# (dev vs udev)+(coldplug vs hotplug)

## markgreene

piccola premessa I

come si vede dal mio avatar, non appartengo propriamente al campo informatico. ho provato la gentoo dopo essere passato per mandrake, debian e slack, e ne sono rimasto irresistibilmente attratto per la incredibile flessibilita'

piccola premessa II

quando i tempi sono stati maturi per cambiare xfree con xorg, senza seguire nessun how-to/consiglio/forum/guida o quant'altro, ho semplicemente dato:

# emerge -Cv x11-base/xfree

# emerge -v xorg-x11

ho creato ex-novo xorg.conf (anche se il vecchio config lo avevo comunque tenuto da parte, per scaramanzia, lol), e senza nemmeno rebootare (# env-update && source /etc/profile) ho riavviato X.

questo IM(NS)HO significa che gentoo/portage e' un sistema ben studiato! ed estremamente efficiente!

domanda

arrivo finalmente al dunque...

(tiro la prima bomba...)

IYO... i tempi sono maturi per il passaggio da dev a udev?

(qualcosa mi dice che... non e' proprio come cambiare... una sacca di fisiologica, tanto per rimanere nel mio campo lol)

(tiro la seconda bomba...)

IYO... mi consigliate di passare da hotplug a coldplug?

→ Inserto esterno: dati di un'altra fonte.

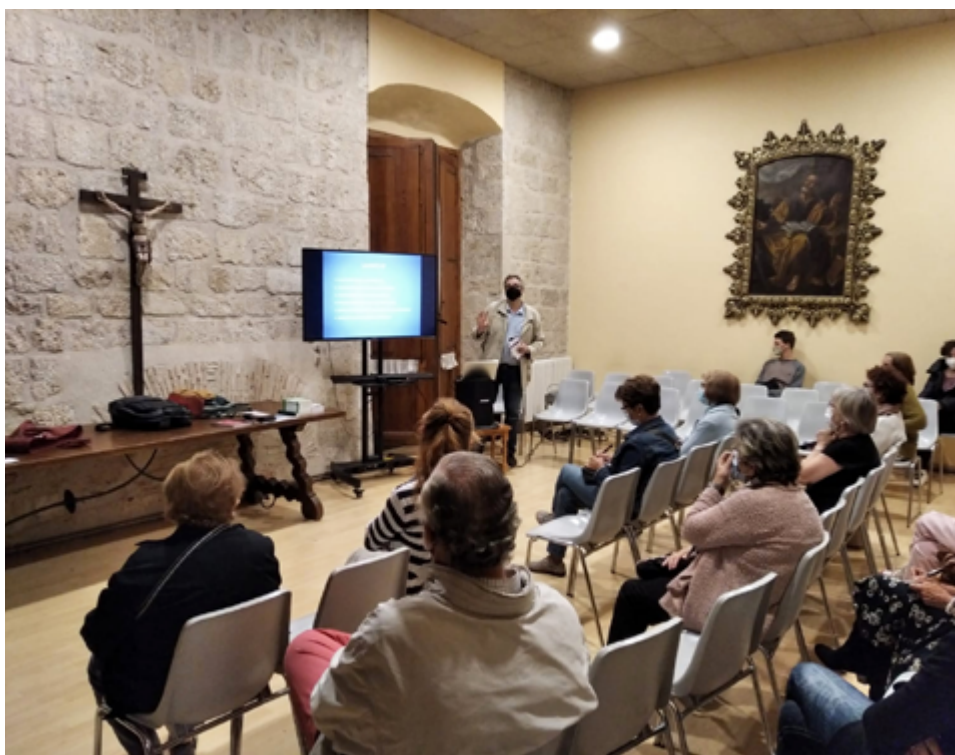
La parròquia va crear un grup de reflexió al voltant de l'encíclica del Papa Francesc Laudato si'.

https://santperedoctavia.org ; laudatosi@santperedoctavia.org

(mi sono reso conto di questo cambiamento durante una nuova installazione sul computer di un amico: seguendo la procedura dell'handbook ho trovato coldplug al posto di hotplug...)

TIA

----------

## federico

Personalmente utilizzo ancoda il dev file system + udev, piu' che altro non ho mai avuto voglia di rischiare di impegolarmi in problemi non meglio definibili per un vantaggio che sinceramente ancora non ho capito  :Smile: 

Per quanto riguarda la seconda domanda, direi che e' mal posta, coldplug e' una aggiunta a hotplug per far si che il sistema riconosca le periferiche gia' inserite all'avvio del sistema, non una sistituzione di hotplug. (Anche se a me funziona una volta su 10 coldplug...)

----------

## fedeliallalinea

Per udev io l'ho messo e lo trove meglio di devfs anche se ogni tanto mi tocca creari alcuni nodi a mano per periferiche un po' strane.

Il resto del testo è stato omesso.